• WHAT THE TASK ASKS
Leave every picture out, and give again exactly the lines from the one containing "Jpodream G9 Lampadina" through the end of the listing.

[RECORDS TO PROCESS Boundary: Start]

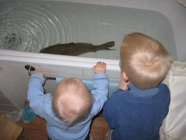 Two youngsters peer into the bathtub at the Christmas carp.
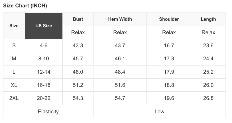 See size chart for approximate measurements
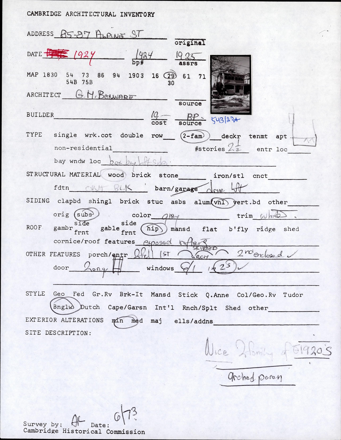 - Cambridge Historical Commission, Digital Architectural Survey and History.
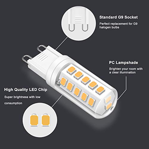 Jpodream G9 Lampadina LED 5W,32 * 2835SMD Risparmio Energetico Lampada, 2700K Bianco Caldo, Equivalenti a 40W Lampadine Alogene, Fasci larghi 360 °, 400lm, AC220-240V,Confezione da 10
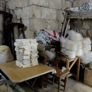 وأضاف: أصنع البشاكير والمناشف والبرانص وغيرها، وأجلب الخيطان القطنية من شركة حمص.
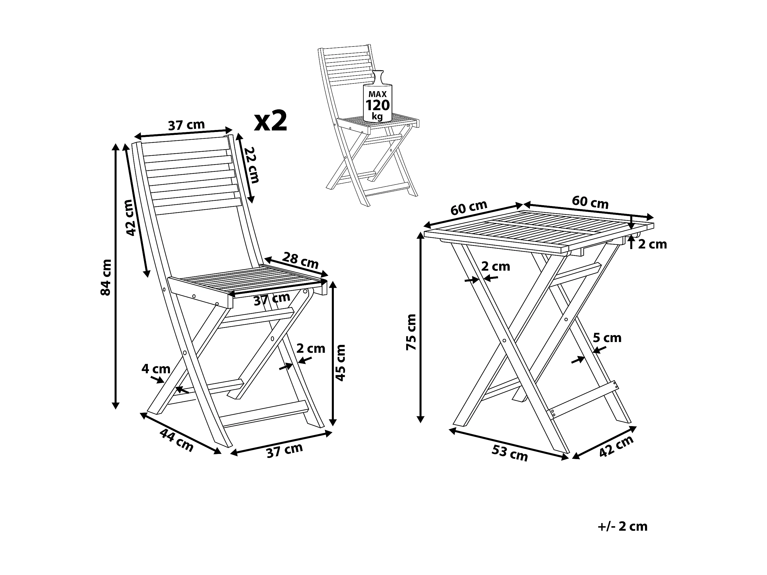 Ensemble bistrot Pliant FIJI Acacia Marron clair
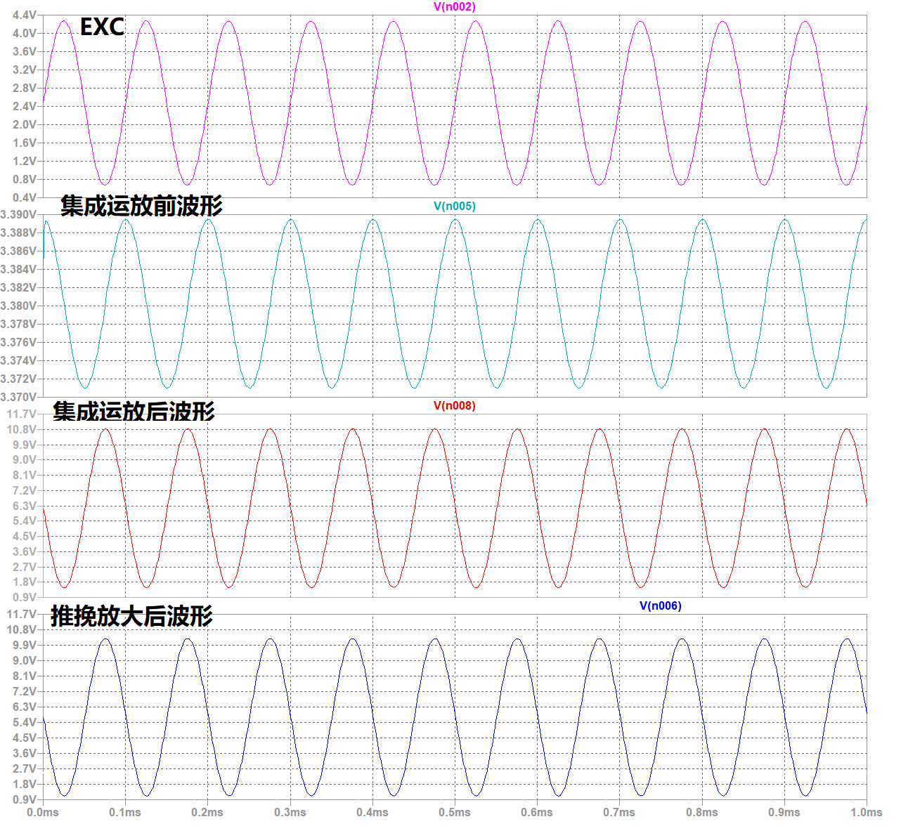 EXC输出波形集成运放后波形推挽放大 后波形。

[RECORDS TO PROCESS Boundary: End]

• EXERCISE ANSWER
 Jpodream G9 Lampadina LED 5W,32 * 2835SMD Risparmio Energetico Lampada, 2700K Bianco Caldo, Equivalenti a 40W Lampadine Alogene, Fasci larghi 360 °, 400lm, AC220-240V,Confezione da 10
 وأضاف: أصنع البشاكير والمناشف والبرانص وغيرها، وأجلب الخيطان القطنية من شركة حمص.
 Ensemble bistrot Pliant FIJI Acacia Marron clair
 EXC输出波形集成运放后波形推挽放大 后波形。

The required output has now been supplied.